Work agent will track all the resources defined in ManifestWork and update its status. There are two types of status in manifestwork. The resourceStatus tracks the status of each manifest in the ManifestWork and conditions reflects the overall status of the ManifestWork. Work agent currently checks whether a resource is Available, meaning the resource exists on the managed cluster, and Applied means the resource defined in ManifestWork has been applied to the managed cluster.

Here is an example.

apiVersion: work.open-cluster-management.io/v1
kind: ManifestWork
metadata: ...
spec: ...
status:
  conditions:
    - lastTransitionTime: "2021-06-15T02:26:02Z"
      message: Apply manifest work complete
      reason: AppliedManifestWorkComplete
      status: "True"
      type: Applied
    - lastTransitionTime: "2021-06-15T02:26:02Z"
      message: All resources are available
      reason: ResourcesAvailable
      status: "True"
      type: Available
  resourceStatus:
    manifests:
      - conditions:
          - lastTransitionTime: "2021-06-15T02:26:02Z"
            message: Apply manifest complete
            reason: AppliedManifestComplete
            status: "True"
            type: Applied
          - lastTransitionTime: "2021-06-15T02:26:02Z"
            message: Resource is available
            reason: ResourceAvailable
            status: "True"
            type: Available
        resourceMeta:
          group: apps
          kind: Deployment
          name: hello
          namespace: default
          ordinal: 0
          resource: deployments
          version: v1

Fine-grained field values tracking

Optionally, we can let the work agent aggregate and report certain fields from the distributed resources to the hub clusters by setting FeedbackRule for the ManifestWork:

apiVersion: work.open-cluster-management.io/v1
kind: ManifestWork
metadata: ...
spec:
  workload: ...
  manifestConfigs:
    - resourceIdentifier:
        group: apps
        resource: deployments
        namespace: default
        name: hello
      feedbackRules:
        - type: WellKnownStatus
        - type: JSONPaths
          jsonPaths:
            - name: isAvailable
              path: '.status.conditions[?(@.type=="Available")].status'

The feedback rules prescribe the work agent to periodically get the latest states of the resources, and scrape merely those expected fields from them, which is helpful for trimming the payload size of the status. Note that the collected feedback values on the ManifestWork will not be updated unless the latest value is changed/different from the previous recorded value. Currently, it supports two kinds of FeedbackRule:

WellKnownStatus: Using the pre-built template of feedback values for those well-known kubernetes resources.
JSONPaths: A valid Kubernetes JSON-Path that selects a scalar field from the resource. Currently supported types are Integer, String, Boolean and JsonRaw. JsonRaw returns only when you have enabled the RawFeedbackJsonString feature gate on the agent. The agent will return the whole structure as a JSON string.

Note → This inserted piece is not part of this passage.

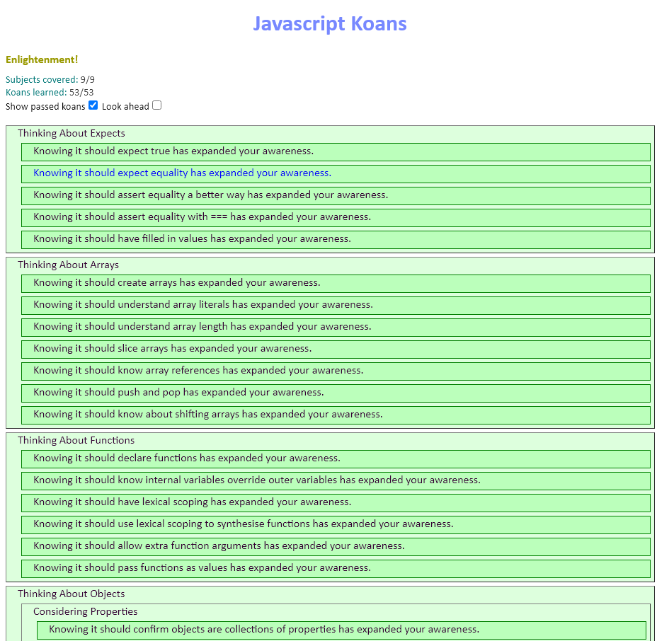 위에 enlightenment라는 단어가 있는데 깨우침, 이해, ... 혹은 계몽?이라는 뜻이라고 한다. 다 맞췄다고 해서 깨우쳤다고 할 수 없을 것 같고, 응용할 수 있을 때 비로소 깨우쳤다고 말할 수 있을 것 같다. 헤헷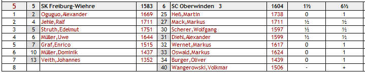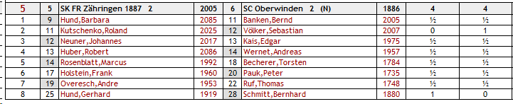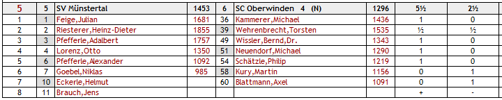 Hier auch noch vielen Dank an die zu Hause gebliebenen für die vielen aufmunternden Mails, Telefonate und Whatsapps. Zum Schluß noch der Link auf die Homepage und der Hinweis, dass die Partie Schneider, Ilja – Germer, Philipp online nachgespielt werden kann. Passend dazu der Tipp des Tages von Philipp, der auf unserem ausgedehnten Tagesspaziergang von Bad Wiessee über Holz und Golfplatz zurück erwähnte, dass in unklaren Situationen, in denen man nicht weiß was zu tun ist, einfach immer der beste Zug gespielt werden sollte 😉 Am zweiten Spieltag zeigte sich wiederum, wie hart die Saison für die Mannschaften des SC Oberwinden werden würde. Alle Mannschaften durften auswärts ran, wobei zwei Mannschaften ein Unentschieden erreichten und 2 leider ohne Punkte nach Hause fahren mußten. Oberwinden II: 2,5 : 5,5 Niederlage gegen den Tabellenführer Villingen-Schwenningen Die Oberwindener Zweite spielte in der Landesliga im wunderschönen Villingen. Dank rechtzeitiger Anreise konnte auch noch kurz die sehenswerte Innenstadt besichtigt werden. Viel mehr Sehenswertes sollte es an dem Tag auch nicht mehr geben. Thomas Ruf erwischte einen rabenschwarzen Tag und übersah eine taktische Wendung seines Gegners, wodurch wir relativ frühzeitig 0:1 zurück lagen. Leider ging es dem Mannschaftsführer Peter Pauk nicht viel besser und er erkannte in einem ausgeglichenen Endspiel eine Mattdrohung zwar noch rechtzeitig, aber in Summe zu spät, so dass der Gegner in klaren Vorteil kam und die Partie auch gewinnen konnte. Taktik entschied auch die Partien von Michael Weber und Andreas Wernet, nachdem beide die falschen Mittelspielpläne gewählt hatten. Torsten Becherer bekam dann noch vor der Zeitkontrolle ein Remisangebot des Gegners, welches er gerechtfertigter Weise auch annahm. Die beiden ungefährdeten Siege von Bernd Banken und Eddi Kais wurden noch durch den Verlust einer klar besseren Stellung durch Christian Riotte überschattet, so dass unter dem Strich ein deutliches, wenn auch aus Oberwindener Sicht zu hohes, 2,5 : 5,5 stand. Villingen-Schwenningen festigt damit seine Tabellenführung und Oberwinden ist Dank der besseren Brettpunkte gerade noch außerhalb der Abstiegsränge. Oberwinden III: 4 : 4 gegen den Neuling Freiburg West Die Dritte fuhr am zweiten Spieltag zum Bezirksklassen-Neuling Freiburg West. Nach DWZ-Schnitt der eingesetzten Spieler ein ausgeglichenes Match, auch wenn an den einzelnen Brettern eine Stärkedifferenz bis zu 100 DWZ-Punkten (Gewinnwahrscheinlichkeit des DWZ-stärkeren bei 64%) vorkamen. Letztendlich gab es auch ein verdientes Unentschieden, wobei an Brett 1 Martin Hess einen stärkeren Gegner besiegen konnte und Markus Oschwald seinen DWZ-Vorteil umsetzte. Dafür setzten sich die Gegner in den Partien von Alexander Diehl und Markus Wernet leider durch. Oberwinden IV: als Neuling in der Kreisklasse B mit 6 : 2 gegen Freiburg-Zähringen 1887 unterlegen Die Vierte Mannschaft des Schachclubs Oberwinden ist für den Gegner schwer auszurechnen, da ein großer Pool an Spielern eingesetzt wird. So wurden gegenüber dem ersten Spieltag auch gleich an 5 Brettern Veränderungen vorgenommen. Trotz leichter nomineller Überlegenheit, konnte die DWZ nicht auf’s Brett gebracht werden. So mußte der geringen Spielpraxis an der einen oder anderen Stelle Tribut gezollt werden und einzig Michael Neuendort konnte einen Sieg einfahren. Damit steht die Vierte Mannschaft am zweiten Spieltag mit Ettenheim II und Heitersheim III noch punktlos am Tabellenende. Oberwinden V: 2 : 2 gegen Endingen IV und damit das zweite Remis am zweiten Spieltag Gegen Endingen IV schaffte die Fünfte von Oberwinden ein Unentschieden. „Schaffte“ deshalb, weil der Gegner mehr DWZ ans Brett brachte. Da es sich bei beiden Mannschaften um Jugendliche handelt, deren Wertungszahlen häufig sehr starken Schwankungen ausgesetzt sind, ist dies nicht der richtige Maßstab. Ziel war es nach dem Remis der ersten Runde 2 Mannschaftspunkte zu erspielen, was nicht gelang. Damit sind die Aufstiegsränge zwar noch erreichbar, aber es gilt mit Ruhe und Konzentration in die nächsten Runden zu gehen, um den ersten Mannschaftssieg zu schaffen. Dafür ist das nun kommende Heimspiel wie geschaffen. Die Ergebnisse im Detail: Es lief schon nicht bei der Anreise. Manu’s Auto hat auf der Autobahn Feuer gefangen und ist komplett abgebrannt. Man muss von Glück sagen, dass niemand verletzt wurde. Nachdem wir den ersten Schreck verdaut hatten, setzten wir die Fahrt fort, mussten aber Manu „zurück lassen“. Die Ladenburger traten mit ihren Top-8 an, was ein nahezu ausgeglichenes Match versprochen hätte. Da wir nur zu siebt antreten konnten, was uns natürlich gleich einen 0:1 Rückstand bescherte, war es leider nicht mehr so ausgeglichen. Nach 1,5 Stunden erzielte Daniel mit Schwarz ein Remis. Nach knapp 3 Stunden musste Alex seine Partie aufgeben. In der Eröffnung hatte er Vorteil, konnte diesen aber nicht umsetzen, stellte einen Bauer und in der Folge die Partie ein. Kurz darauf musste auch Jürgen seine Partie aufgeben. Laut eigener Aussage hatte er zuvor eine vielversprechende Stellung. Sylvain spielte sicher und führte seine Partie ins Remis. Danach konnte Borya an Brett 1 seine Partie gewinnen nachdem er zuvor die Qualität gegeben und ein Remisangebot abgelehnt hat. Philipp, der sich lange im „Buch“ befand, hatte ebenfalls eine sehr gute Stellung, die er leider nicht zu etwas zählbaren umsetzen konnte. Der Schlusspunkt blieb Mario, der konzentriert spielte, Zeitnot überstand und den ganzen Punkt einfahren konnte. Endstand 3:5 für Ladenburg. Damit mussten wir gleich gegen einen unserer Konkurrenten um den Klassenerhalt die Punkte lassen. Man sagt ja, dass sich Glück und Pech innerhalb einer Saison ausgleichen. Da wir einige Chancen liegen lassen haben, macht das wiederum Hoffnung auf die weiteren Runden. Am 2. Spieltag am 20. November empfangen wir in Winden den Brombach-Achter. Alle Ergebnisse sind wie i

The default feedback value scraping interval is 30 second, and we can override it by setting --status-sync-interval on your work agent. Too short period can cause excessive burden to the control plane of the managed cluster, so generally a recommended lower bound for the interval is 5 second.

In the end, the scraped values from feedback rules will be shown in the status:

apiVersion: work.open-cluster-management.io/v1
kind: ManifestWork
metadata: ...
spec: ...
status:
  resourceStatus:
    manifests:
    - conditions: ...
      resourceMeta: ...
      statusFeedback:
        values:
        - fieldValue:
            integer: 1
            type: Integer
          name: ReadyReplicas
        - fieldValue:
            integer: 1
            type: Integer
          name: Replicas
        - fieldValue:
            integer: 1
            type: Integer
          name: AvailableReplicas
        - fieldValue:
            string: "True"
            type: String
          name: isAvailable

Garbage collection

To ensure the resources applied by ManifestWork are reliably recorded, the work agent creates an AppliedManifestWork on the managed cluster for each ManifestWork as an anchor for resources relating to ManifestWork. When ManifestWork is deleted, work agent runs a Foreground deletion, that ManifestWork will stay in deleting state until all its related resources has been fully cleaned in the managed cluster.

Delete options

User can explicitly choose not to garbage collect the applied resources when a ManifestWork is deleted. The user should specify the deleteOption in the ManifestWork. By default, deleteOption is set as Foreground which means the applied resources on the spoke will be deleted with the removal of ManifestWork. User can set it to Orphan so the applied resources will not be deleted. Here is an example:

apiVersion: work.open-cluster-management.io/v1
kind: ManifestWork
metadata: ...
spec:
  workload: ...
  deleteOption:
    propagationPolicy: Orphan

Alternatively, user can also specify a certain resource defined in the ManifestWork to be orphaned by setting the deleteOption to be SelectivelyOrphan. Here is an example with SelectivelyOrphan specified. It ensures the removal of deployment resource specified in the ManifestWork while the service resource is kept.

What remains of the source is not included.